Женя ложилась лицом на большую книжку с картинками, смежала веки, читать она еще не умела, только знала некоторые буквы. Белые птицы, как войлочные шляпы, садились на кусты… Ей виделось, как «…в то хмурое утро Принц, как ему было велено, отскоблил кастрюли, помыл полы, а мачеха эта жирная каракатица с ее крючконосыми дочерьми все не унимается, грозится, что завтра он будет чистить уборную, совсем беспросветная жизнь, и тогда он сбежал от них… в сельский клуб, танцевал с Золушкой, с перепугу потерял с ноги валенок, а она нашла обувку и полюбила его…»


БЕСТИАРИЙ. Верблюд никогда не плюет в душу, в крайнем случае отмечает плевком опротивевшее человеческое лицо, жестокость в червивой улыбке. Большегубая морда, иссеченная ветрами пустыни, выпуклые, всезнающие глаза историка. Двугорбое чудище, терпение и упрямство беспредельной войны. Один огромный курган над Россией, другой дымный горб – над Японией, где, вопреки всему, весной сорок пятого полыхнула розовым, зацвела сакура…

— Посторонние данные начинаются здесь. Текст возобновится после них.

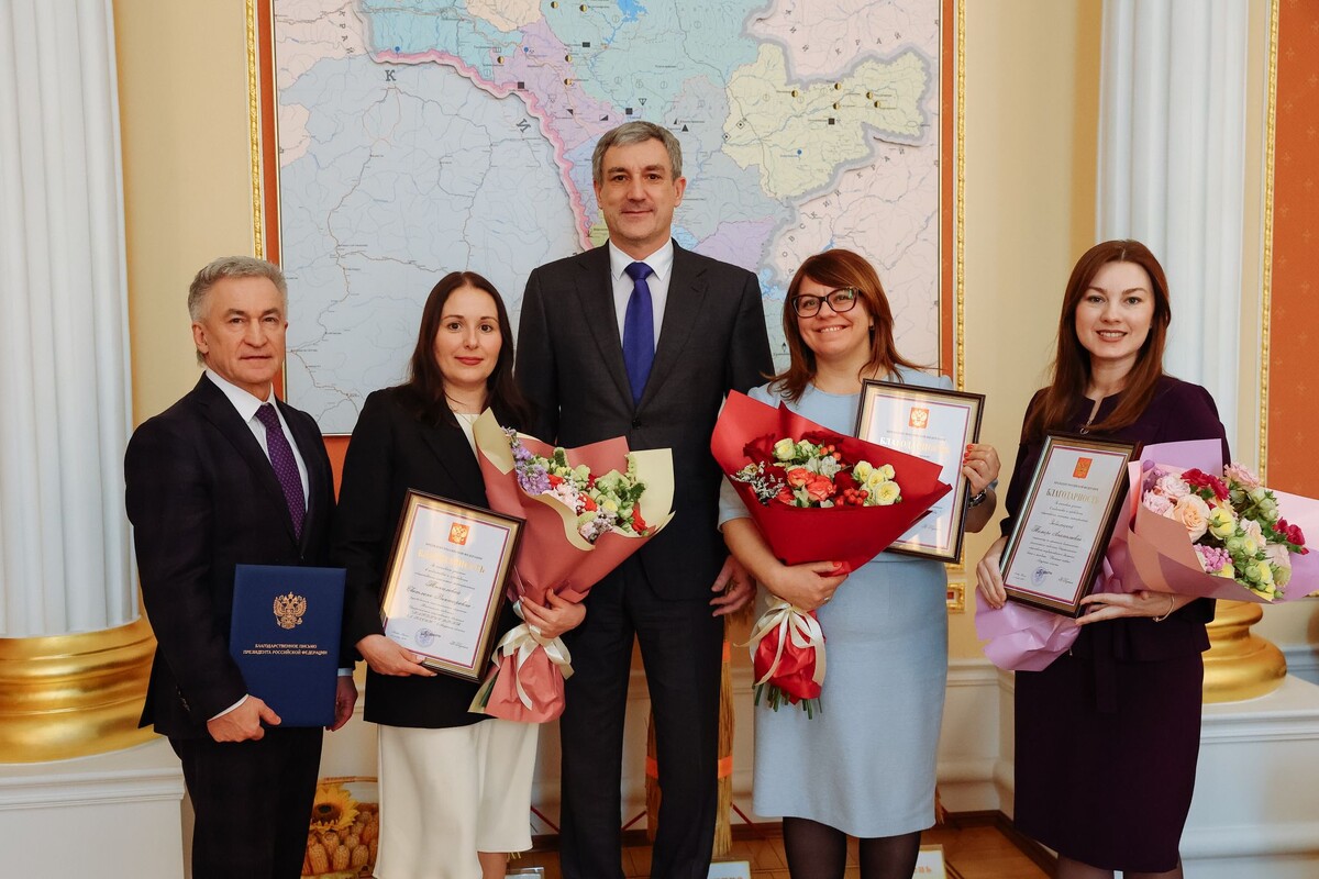 Награжденным передали благодарности и благодарственное письмо. Четверо жителей Приамурья отмечены наградами президента России. Их вручил глава региона Василий Орлов. Благодарности главы государства удостоились руководитель исполкома регионального отделения Народного фронта Светлана Тюкалова, специалист по проектной деятельности регионального отделения движения детей и молодежи «Движение первых» Тамара Заболоцкая и главный редактор газеты «Амурская правда» Елена Павлова. Благодарственное письмо получил заместитель председателя правительства Амурской области Павел Матюхин. Он курирует сферы строительства, ЖКХ, транспорта и дорожного хозяйства. «Ваш профессионализм отмечен на самом высоком уровне. Спасибо за работу», - обратился к награжденным глава Приамурья. Информация и фото правительства Амурской области Читать на сайте ТЕЛЕПОРТ.РФ Еще больше новостей в нашем телеграм-канале https://t.me/amurobl

Этого монстра, дракона беды вызволил на свет Тот, кто уединенно жил на острове Патмос, и не стоит, бесполезно выуживать намеки на Цезаря в Откровении Иоанна, это такое же никчемное дело, как искать муху в простате. Он слепил свое видение из пламени закатных облаков, вычленил из сонма ангелов с трубами, выпустил его в мир. В каком-то смысле он пустил его по миру, потому что, когда зверь Апокалипсиса оказался в земных пределах, он был похож на подбитый танк, на спустивший воздух дирижабль. Закорючка хвоста напоминала поверженный вопросительный знак. Сотрясая прутья клетки, в которую его заключили, зверь прижимал к впалой чешуйчатой груди, словно карточки лото, три шестерки, но это не возымело действия на клеточном уровне. Дожидались эксперта. Зверь смердел (как геенна огненная), к тому же эта ущербная тварь с головой млекопитающего оказалась говорящей и такое понесла – что видела Христа и трапезничала со святыми, несмотря на их вопли «Изыди!». На третий день, намаявшись без еды, зверь прохрипел утробным голосом: «Да накормите же меня! Человеком! Я вам еще многое поведаю». Но люди устали от пророчеств. Повалил крупный снег, превращая дракона в пингвина. Постепенно он сросся со стеной снега, полностью растворился в ней. Сгинул. «Был и нет», – как сказано в Откровении. Возможно, полетел дальше предрекать и науськивать. Апокалипсиса (в очередной раз) не случилось. Но долго искрила пустая клетка и сотрясалась, как в пляске святого Вита.